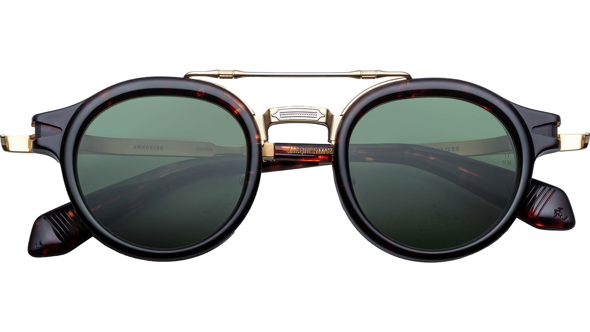 The Jacques Marie Mage Delage is a sophisticated take on circular '50s-inspired combo spectacles. Featuring a bold acetate lens shape paired with a distinct titanium brow bar, these frames are enhanced by the signature arrowhead monoblock hinge and finely engraved temples with a unique arrowhead motif. Drawing inspiration from the fluid lines and fine embellishments of Art Deco, the Delage combines timeless elegance with modern refinement, making it a perfect choice for the self-assured individual with an appreciation for subtle old-world sensibility.
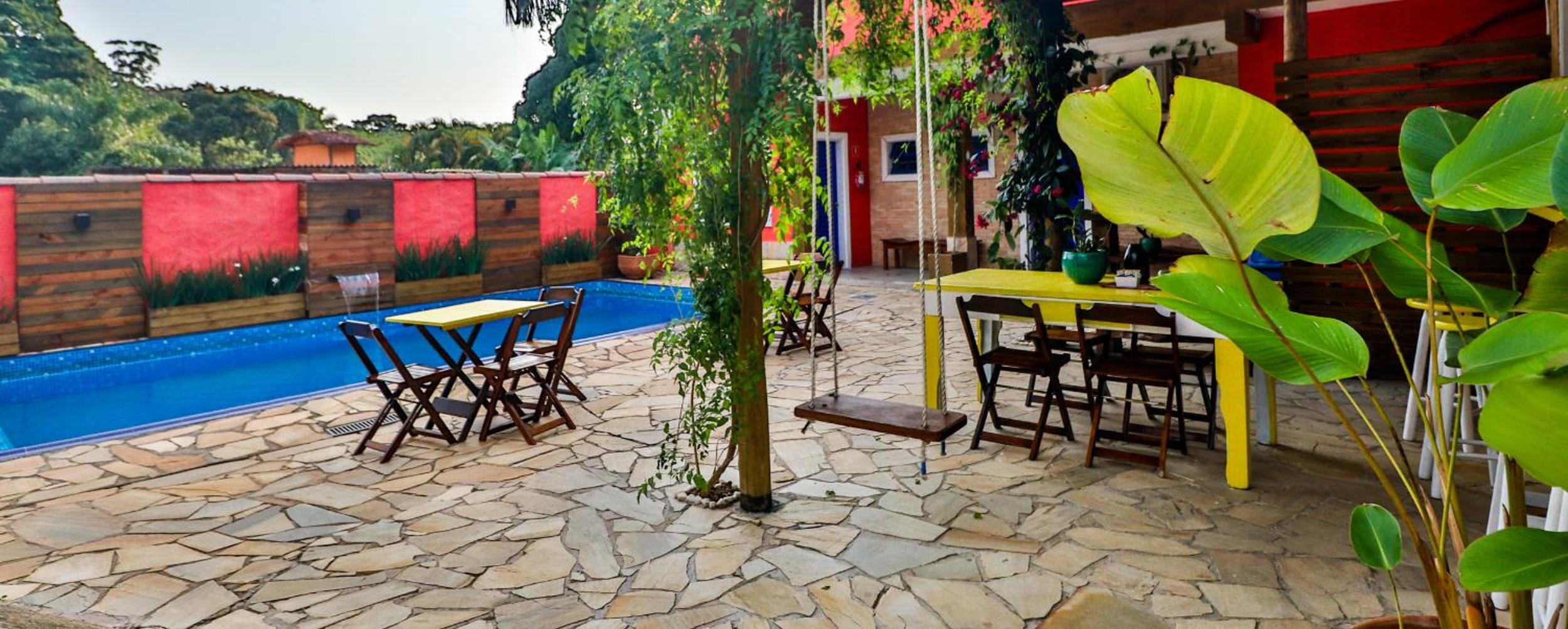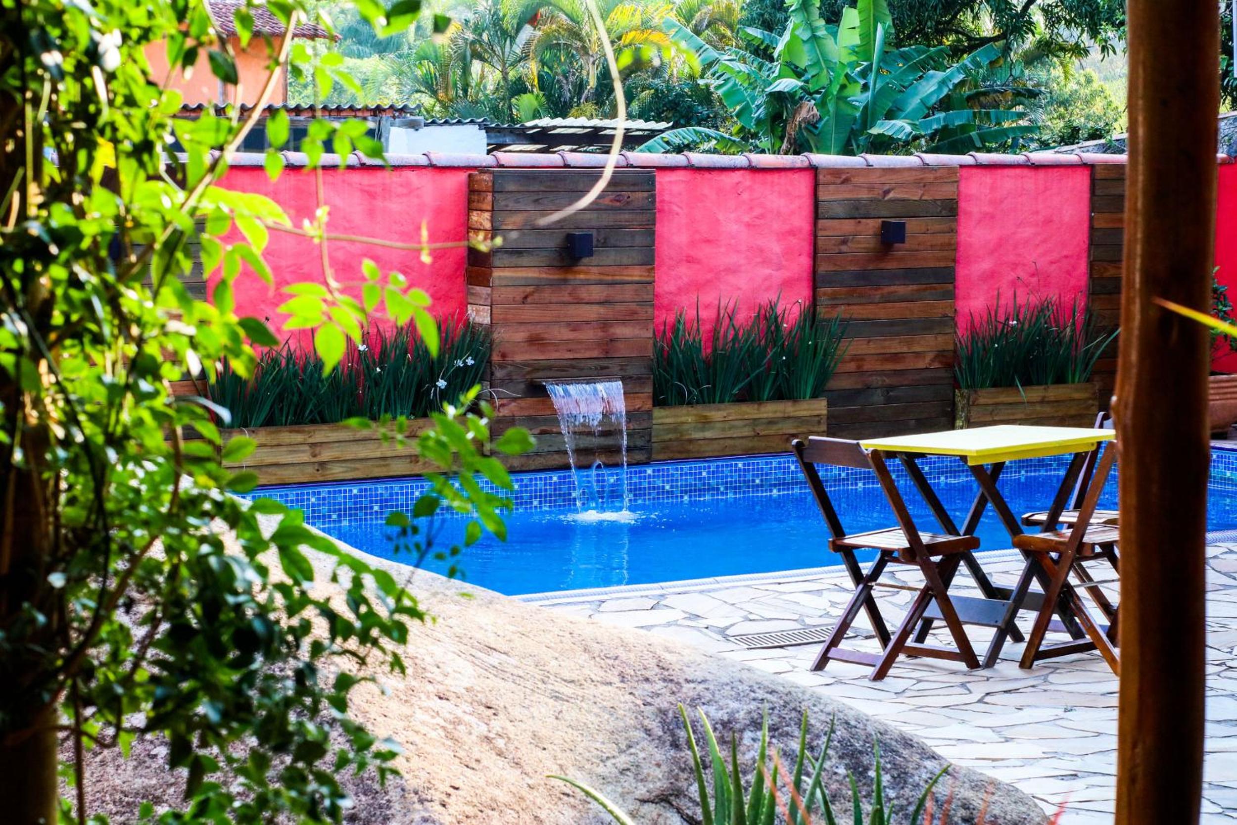 A piscina é muito boa e agradável, e as áreas comuns da casa também são muito bem cuidadas e convidativas.
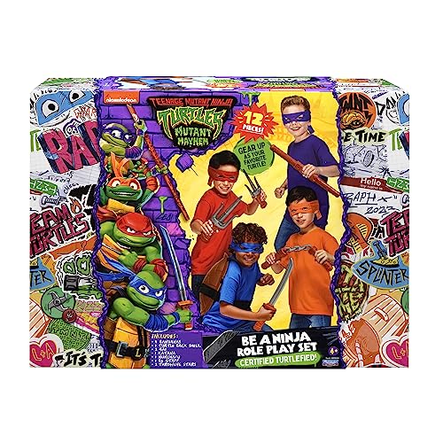 It’s time to suit up! When New York City descends into mayhem, this mutant team needs some new allies. Join the fight against evil with all the essential equipment: masks in each Turtle’s signature color, a collection of classic weapons, and your very own Turtle shell. Dress up in iconic Ninja Turtle gear and take down New York’s villains—just like in the new CG animated Mutant Mayhem movie! Set includes everything you and your friends need to role play being your favorite Ninja Turtle!
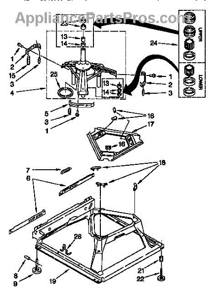 Used for direct drive washing machines. Complete assembly includes 2 level mechanism links, 1 level mechanism spring, 1 knurled pin, 2 rear feet, 1 pad plate, 1 suspension plate, 1 base pad, and 1 suspension spring retainer.
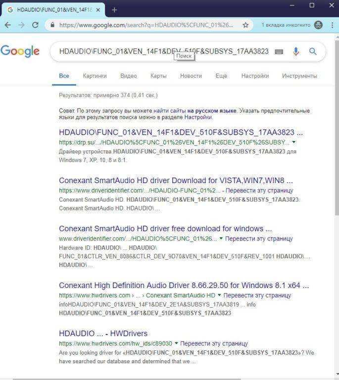 - После этого скопируйте это значение и как есть вставьте в окно поисковика. По данному «ИД» поисковая система обычно в первой же строке находит драйвер устройства, который нужно скачать. Перед скачиванием обязательно правильно выбрать версию драйвера, соответствующую разрядности вашей операционной системы.
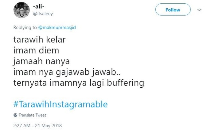 Baru tau kalau imam bisa buffering, mungkin dia mimpin salatnya live streaming kali ya. Foto: istimewa
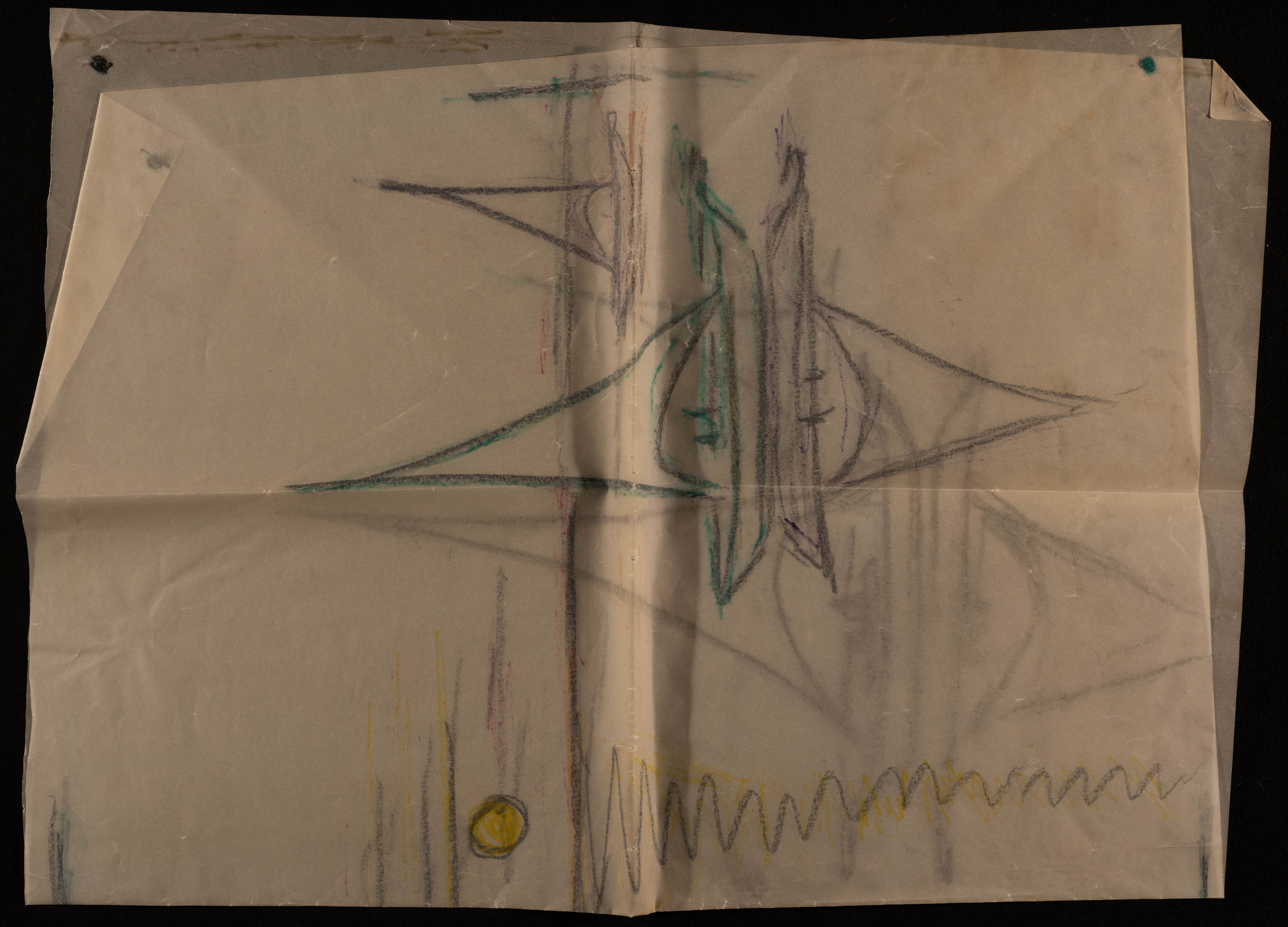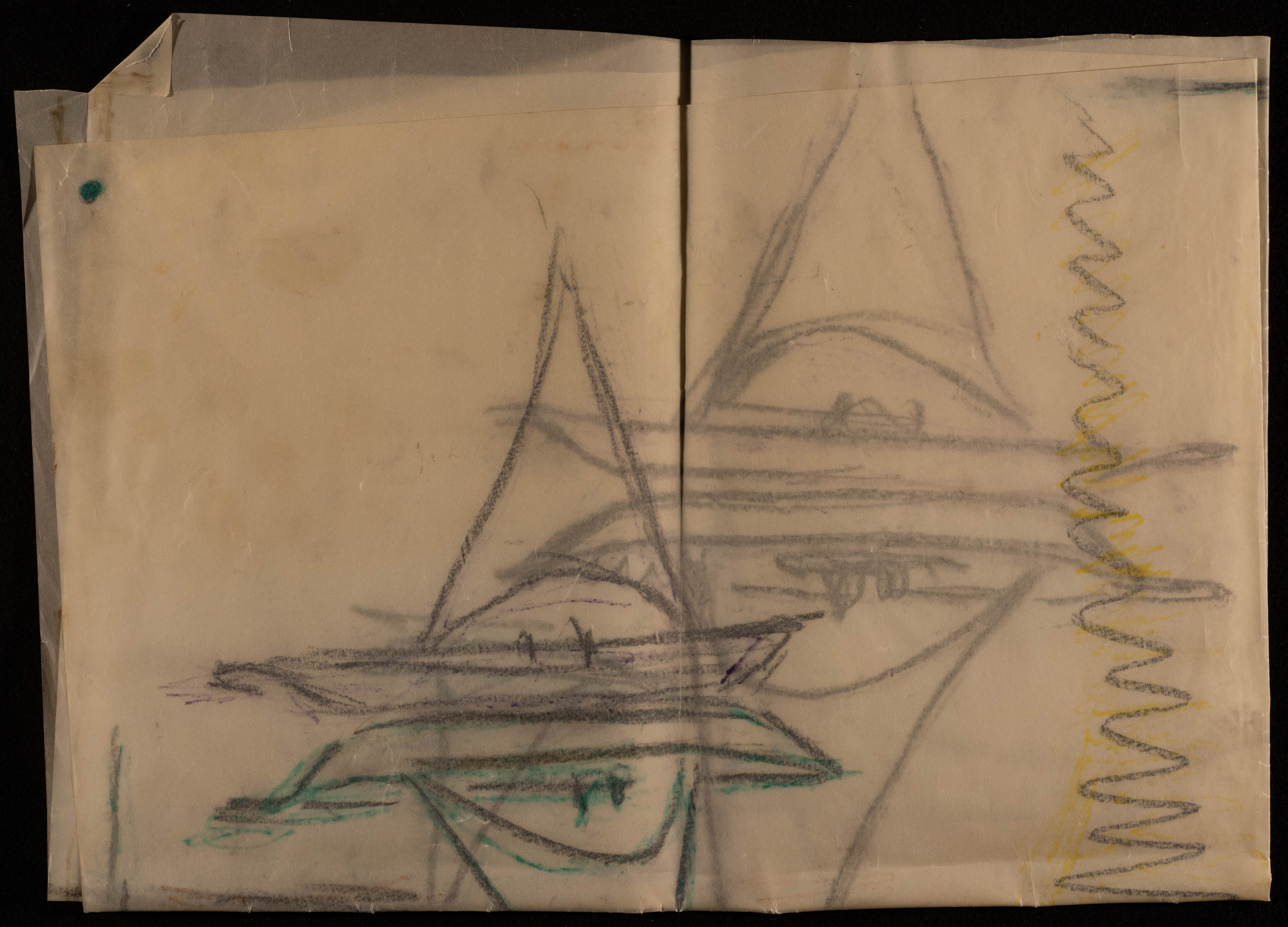 Undated, this photograph shows a painting by Fatima al-Muhib.
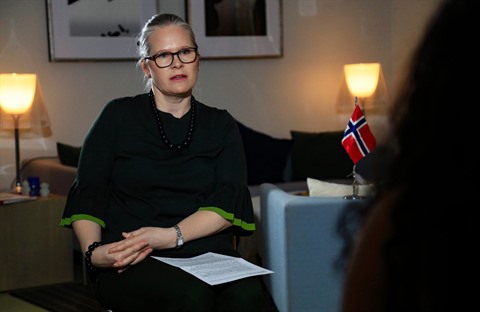 | L'ambassadrice de Norvège au Soudan, Therese Loken Gheziel, s'exprimant lors d'une interview à l'AFP, le 16 novembre. |
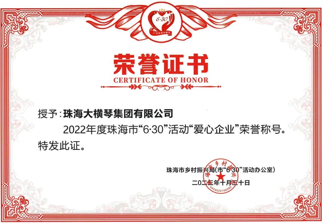 為深入貫徹黨的二十大和中央農(nóng)村工作會(huì)議精神,落實(shí)市委、市政府關(guān)于統(tǒng)籌實(shí)施鄉(xiāng)村振興戰(zhàn)略和“百縣千鎮(zhèn)萬(wàn)村高質(zhì)量發(fā)展工程”工作部署,匯聚更多社會(huì)力量參與“6·30”活動(dòng),鞏固脫貧成果、助力鄉(xiāng)村振興、促進(jìn)共同富裕,根據(jù)《中共珠海市委農(nóng)村工作領(lǐng)導(dǎo)小組〈關(guān)于印發(fā)珠海市2023年“6·30”助力鄉(xiāng)村振興活動(dòng)工作方案〉的通知》(珠委農(nóng)組〔2023〕6號(hào))精神,市鄉(xiāng)村振興局(市6·30活動(dòng)辦)開(kāi)展2022年度珠海市“6·30”活動(dòng)“愛(ài)心企業(yè)、愛(ài)心團(tuán)體、愛(ài)心個(gè)人”評(píng)選活動(dòng),向社會(huì)傳遞珠海人民樂(lè)善好施的精神品德,激發(fā)社會(huì)各界共襄善舉、助力鄉(xiāng)村振興。經(jīng)評(píng)審,珠海大橫琴集團(tuán)有限公司(以下簡(jiǎn)稱大橫琴集團(tuán))被授予2022年度珠海市“6·30”活動(dòng)“愛(ài)心企業(yè)”榮譽(yù)稱號(hào)。

────────────────────

PROBLEM DESCRIPTION = Give again, please, precisely the lines that begin the records and run through the line with "16 novembre. |" in it, keeping both end lines and dropping any pictures.

OUTPUT FOR THIS EXERCISE =
 The Jacques Marie Mage Delage is a sophisticated take on circular '50s-inspired combo spectacles. Featuring a bold acetate lens shape paired with a distinct titanium brow bar, these frames are enhanced by the signature arrowhead monoblock hinge and finely engraved temples with a unique arrowhead motif. Drawing inspiration from the fluid lines and fine embellishments of Art Deco, the Delage combines timeless elegance with modern refinement, making it a perfect choice for the self-assured individual with an appreciation for subtle old-world sensibility.
 A piscina é muito boa e agradável, e as áreas comuns da casa também são muito bem cuidadas e convidativas.
 It’s time to suit up! When New York City descends into mayhem, this mutant team needs some new allies. Join the fight against evil with all the essential equipment: masks in each Turtle’s signature color, a collection of classic weapons, and your very own Turtle shell. Dress up in iconic Ninja Turtle gear and take down New York’s villains—just like in the new CG animated Mutant Mayhem movie! Set includes everything you and your friends need to role play being your favorite Ninja Turtle!
 Used for direct drive washing machines. Complete assembly includes 2 level mechanism links, 1 level mechanism spring, 1 knurled pin, 2 rear feet, 1 pad plate, 1 suspension plate, 1 base pad, and 1 suspension spring retainer.
 - После этого скопируйте это значение и как есть вставьте в окно поисковика. По данному «ИД» поисковая система обычно в первой же строке находит драйвер устройства, который нужно скачать. Перед скачиванием обязательно правильно выбрать версию драйвера, соответствующую разрядности вашей операционной системы.
 Baru tau kalau imam bisa buffering, mungkin dia mimpin salatnya live streaming kali ya. Foto: istimewa
 Undated, this photograph shows a painting by Fatima al-Muhib.
 | L'ambassadrice de Norvège au Soudan, Therese Loken Gheziel, s'exprimant lors d'une interview à l'AFP, le 16 novembre. |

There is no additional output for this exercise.